Nope.  He has to claim that the Tianjin explosions were carried out by American "space weapons," and that China and the United States are "already at war," because of China's devaluation of the yuan:
Chinese dissidents have told Natural News they have reason to believe the attack on Tianjin is a warning shot from the United States, which is terrified that China is on the verge of announcing its own gold-backed currency while declaring a fire sale on U.S. debt holdings. 
The actions would collapse the U.S. dollar and destroy the U.S. economy, sending the United States into economic freefall. The "Rod of God" weapon deployment by the U.S. Pentagon, we're told, was America's "shot across the bow" to send a powerful warning message to China while disguising the attack as a domestic chemical explosion.
What evidence does he have?  Apparently people saw helicopters in the air immediately before the blast occurred.  Also, the Chinese government is controlling the movement of tourists, requiring them to register their passport numbers and hotel accommodations with officials.  (Didn't they already?)

'nuff said.  The only possible explanation is that the United States is blowing up Chinese seaports using space weapons.  Because that's credible.

What's next?  Claiming that there's a ground war being fought entirely between groups of crisis actors?  After all, why wage an actual war when you can just trick all the sheeple with footage of fake battles and false flags?

Okay, maybe Adams really is pulling our legs, here.  Maybe he's entirely in it for the ad revenue, and is making shit up, Weekly World News-style, just to keep us coming back.  But if you read what he writes, he sounds as if he's entirely serious.
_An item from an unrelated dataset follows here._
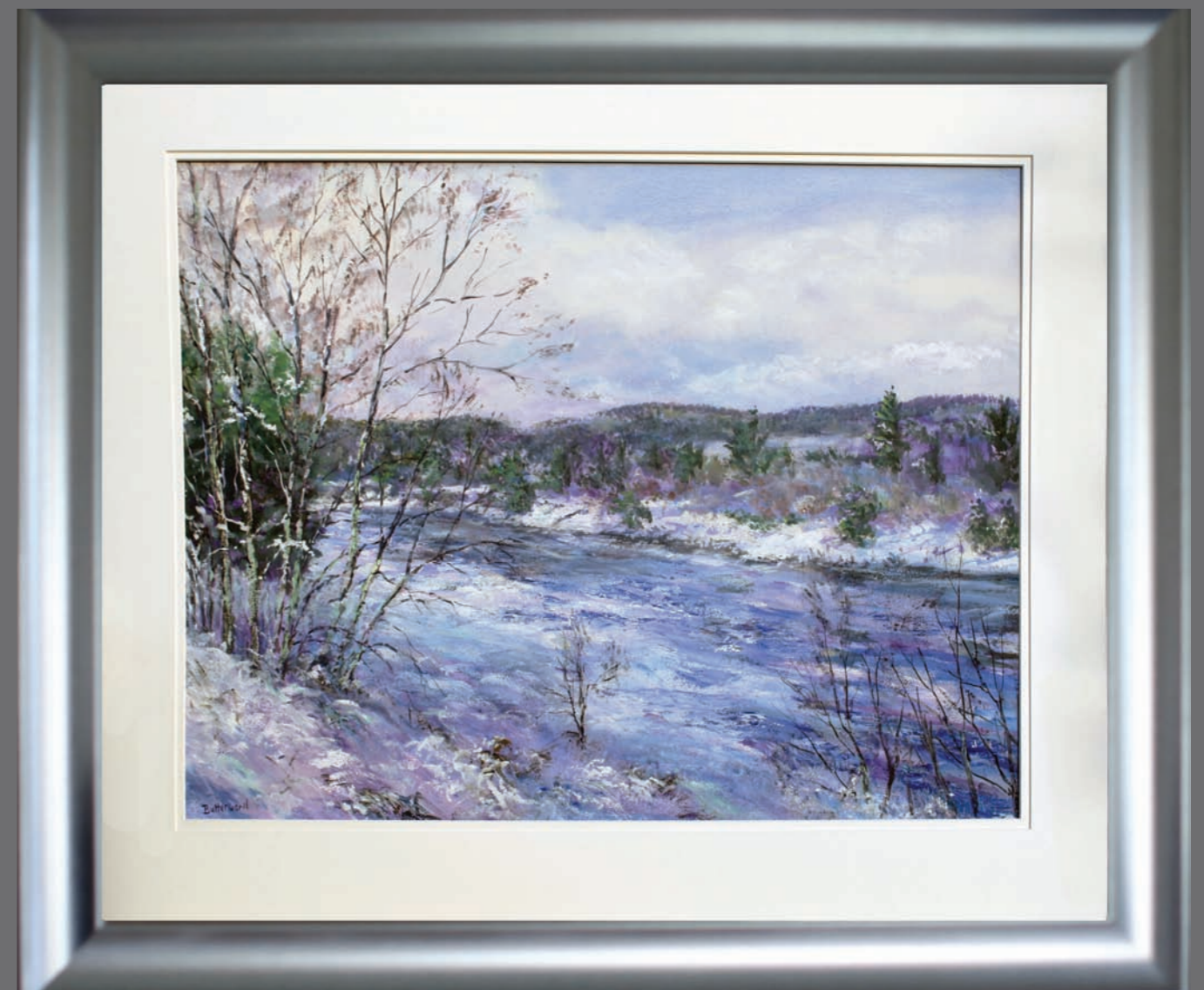
You will be following in royal footsteps if you own Crystal.

Which brings up the troubling question of how many of his readers believe all of this stuff.  Are there really that many folks out there who think that everything in the mainstream news is false?  Because the way Natural News links get passed around on social media can't just be explained by the "Hey, you'll never guess what Mike Adams is claiming today!" phenomenon.
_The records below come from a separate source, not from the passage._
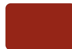
0882 INDIAN RED
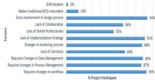
Figure 3. Challenges to a Green BIM approach in Australian AEC industry.

It was also revealed that despite the lack of contractual detail and client funding, interviewees agreed that commercial office projects are steadily moving towards higher levels of multi-disciplinary collaboration with mutual co-operation and increasingly incorporating BIM tools. In particular the younger AEC professionals (25-35) appeared to have a greater appreciation for integrated design processes and actively extended their responsibilities and scope (irrespective of contractual agreements) to achieve greater levels of design integration.
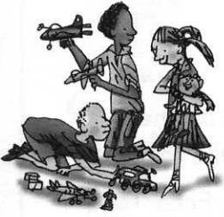
may I play?

2. day, play, may, way, lay, say, tray, spray
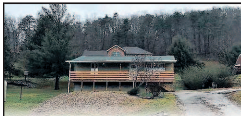
8124 Dingess Avenue, Hamlin $78,900 2:00-4:00 PM
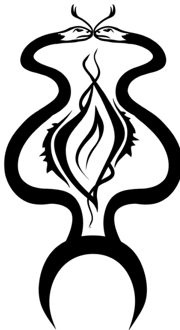
The sigil of Agrat bat Mahlat
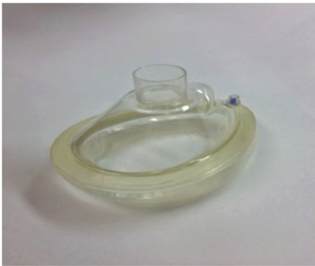
Fig. 1: Standard Mask (Vital Signs® Adult Face Mask with Adjustable Air Cushion Size 5, Manufactured by CareFusion)

and face and lifting of the jaw. The traditional preferred grip is referred to as the C&E technique. This requires the index finger and thumb to form a “C” and push down on the mask to establish a seal between the mask and face. The remaining three fingers (middle, ring, and little) form the “E” and wrap under the jaw to provide lift. The grip required to establish the seal and jaw lift simultaneously is awkward and difficult to teach. The basic design of the standard facemask has not changed in approximately 100 years. The Tao mask design is novel. The airway connector of this mask is located towards the nasal bridge, which provides additional space to hold the mask and seal to the face effectively. The Tao mask allows for the avoidance of the difficult C&E technique and instead encourages a more natural handgrip. With the Tao mask, downward pressure with the palm of the hand centered on the mask provides the seal between the face and the mask. Jaw lift is provided with all four fingers aligned under the jaw. It can be used for one handed bag mask ventilation by individuals with either a right or left handed grip. Two handed bag mask ventilation creates a better seal and is more effective; however, one handed bag mask ventilation is used frequently today in clinical practice. Smaller hand size was associated with the need to use two handed bag mask ventilation and an oral airway in a previous study [2].

I dunno.  I find the whole thing troubling.  Not that it's impossible that Adams himself is paranoid; paranoia is, unfortunately, an all too real manifestation of some psychiatric disorders.  But the fact that enough readers exist to keep Natural News in business scares the hell out of me.
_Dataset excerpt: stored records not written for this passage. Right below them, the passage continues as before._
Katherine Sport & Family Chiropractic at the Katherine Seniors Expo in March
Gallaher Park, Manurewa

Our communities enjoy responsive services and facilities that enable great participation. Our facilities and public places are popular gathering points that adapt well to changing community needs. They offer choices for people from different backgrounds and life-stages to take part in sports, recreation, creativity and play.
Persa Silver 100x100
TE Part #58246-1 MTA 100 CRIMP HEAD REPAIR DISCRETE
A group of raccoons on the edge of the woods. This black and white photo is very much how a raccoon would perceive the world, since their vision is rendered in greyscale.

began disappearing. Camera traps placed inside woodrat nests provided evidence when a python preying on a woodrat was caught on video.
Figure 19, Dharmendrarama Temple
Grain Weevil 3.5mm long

Because if that many people actually believe that the United States is blowing up Chinese cities with ray guns from space, I'm ready to concede defeat on the skepticism and move on to writing fiction full time.  After all, if it works for Mike Adams, it can work for me.

1 comment:

  1. As with people like Uri Geller, who fought James Randi for decades on whether or not he was a charlatain (he now calls himself a "mystifier" and has been financially successful throughout/regardless)... Once your morals slide into bullshit and it becomes lucrative, you can either perpetually double-down on whether it's bullshit or not, or you can come clean about your agenda and watch your revenue stream evaporate.

    We see people caught in this feedback loop a lot... and despite the fact that all parties involved become acutely aware of the bullshit, the controversy allows the feedback loop to spin indefinitely, allowing people the enjoyment... the hobby... of picking a side in the manufactured debate.

    Psychologists will tell you that liars, through the act of retelling their lies, learn to regard them as truth. A bullshit swirl, wherein everyone has a pretty good idea that it's bullshit, only needs to stay relevant... the ceaseless march of time and the persistent retelling of said bullshit gives it some wierd form of reverence. Old bullshit somehow gains automatic quotients of validity (see: religion, classic bullshit).